QData / DeepChrome

Bioinformatics16: DeepChrome: Deep-learning for predicting gene expression from histone modifications
http://deepchrome.net
Apache License 2.0
62 stars 14 forks source link

Reference genes and their expression ... ? #2

Closed Noired closed 5 years ago

Noired commented 6 years ago

Dear Ritambhara, by reading your paper, I cannot get which criterion did you use to get the 19802 gene-samples constituting your dataset before train-test-val split. There is no reference to any annotation file and the procedure by which you associated those gene with the REMC expression quantifications is even darker to me.

In the other issue reported here you suggested that gene TSSs were retrieved by the table that can be constructed at this address. Could you please be more precise? the table got by setting:

clade: Mammal genome: Human assembly: Feb 2009 (GRCh37/hg19) group: Genes and Gene Predictions track: UCSC Genes (???) table: knownGene region: genome

has 82,960 rows, clearly much more than the genes you investigated.

As far as the gene expression quantifications are concerned, REMC says here that those were built by considering gencode v10 annotation file.

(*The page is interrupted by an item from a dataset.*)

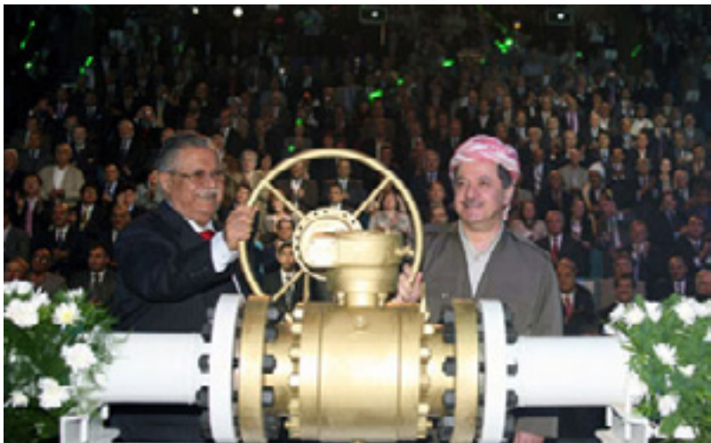
پاره‌ی داهااتی نهوت له هه‌ریم گلددریته‌وه

به پێی پرۆژه‌یاسای بودجه‌ی (٢٠١١)ی عێراق، که له ئه‌نجومه‌نی وه‌زیرانی عێراقه‌وه ئاراسته‌ی ئه‌نجومه‌نی نوێنه‌ران کراوه به مه‌به‌ستی تاووتوێکردنی، رێژه‌ی (١٧٪)ی هه‌ریم دیاریکراوه به جیاکردنه‌وه‌ی بودجه‌ی سیادی و حاکییه‌وه له‌نیو ئه‌و بودجانه‌ی که خراونه‌ته‌وه له‌نیو ئه‌و جیاکردنه‌وه‌وه له بودجه‌ی گشتیی بۆ دیاریکردنی به‌شه بودجه‌ی (١٧٪)ی هه‌ریم بری تێچوونی گریه‌سته‌کانی وه‌به‌ره‌ینانی نه‌وته به پاره‌ی ئه‌و گریه‌سته‌نه‌شه‌وه که کۆمپانیا بیانییه‌کان
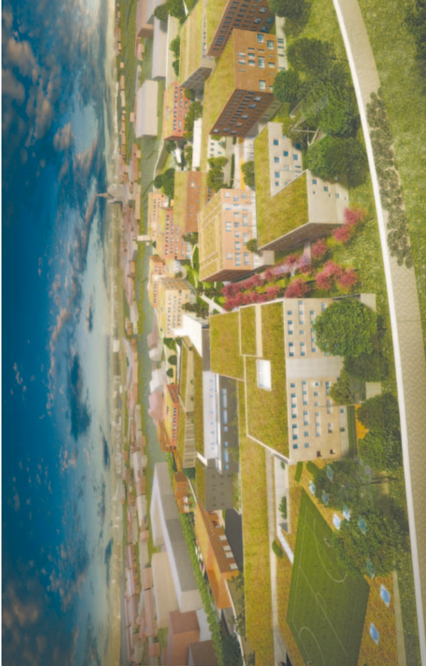
fig. G Ommuurd dorp in een dorp.

The related files can be found here, but you were not clear about which of those files was used. It's unlikely that you used the file "57epigenomes.RPKM.pc.gz" because it contains less genes than those you considered (19795 vs 19802). Moreover, supposing you used the table retrieved as described above to select reference genes and their TSS, how did you translate the ucsc IDs into ensembl IDs in order to consider the right expression line for each gene?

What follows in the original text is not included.